Clustering & Semantic Grouping

Once I had summaries, I wanted to find themes across the whole archive — not just read each note in isolation. I wrote scripts for Level 1 clustering by tag frequency, then moved to semantic clustering using OpenAI embeddings to group ideas and todos that were really about the same thing but worded differently.

This required a lot of tag cleanup first. I built a canonical tag map and merge process to collapse duplicate and overly granular tags. A separate script cleaned tags across all Markdown files in the vault. The clustering work revealed the difference between repeating information and higher-level themes, and helped me focus the workflow on projects, core questions, and things worth acting on.
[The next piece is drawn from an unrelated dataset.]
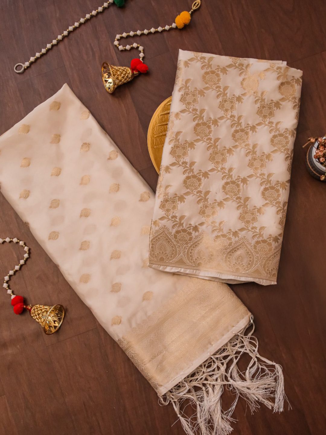 -Supplementary weft threads in zari (gold or silver) are inserted to create elaborate motifs.

Salience Scoring & Output Quality

Simple extraction by chat length wasn't enough — what mattered was how important each chunk actually was. I moved to a salience-weighted approach, scoring every idea, todo, and project for significance before deciding what made it into the final output. Prompts were rewritten to enforce strict first-person, plain-past-tense language and to clearly define what counts as a project versus a stray idea.

I tuned the number of narrative paragraphs in each output to scale independently with chat salience and project salience — up to nine paragraphs for large, important conversations. The Markdown renderer was overhauled to produce readable narrative paragraphs rather than bullet lists. The end result is a batch-processed archive where every conversation has a clean, human-readable case-study-style note that accurately reflects what was actually done.

Web Portfolio Integration

With a clean archive of structured JSON notes in hand, the last step was putting them online. I built this site — a Next.js portfolio — to serve as the public face of the archive. Each JSON file produced by the pipeline maps directly to a project page, with sections, tags, tools, and skills rendered automatically from the data. A manifest file controls what's published and what stays private, and an admin panel makes it easy to review drafts, edit content, and merge notes from multiple sessions on the same project. The pipeline that started as a personal organization tool became the content engine for the site you're reading now.

Topics covered

Obsidian — Local-first knowledge base used to store, index, and search all conversation analyses and project notes.
OpenAI API — Called in both map and reduce steps to analyze conversation chunks and return structured JSON summaries.
Python — Used for all scripting: data import, chunking, map-reduce orchestration, clustering, tag cleaning, and Markdown export.

Skills

Status

Complete. The pipeline is stable and the full archive has been processed. Modular design makes it easy to re-run with new prompts.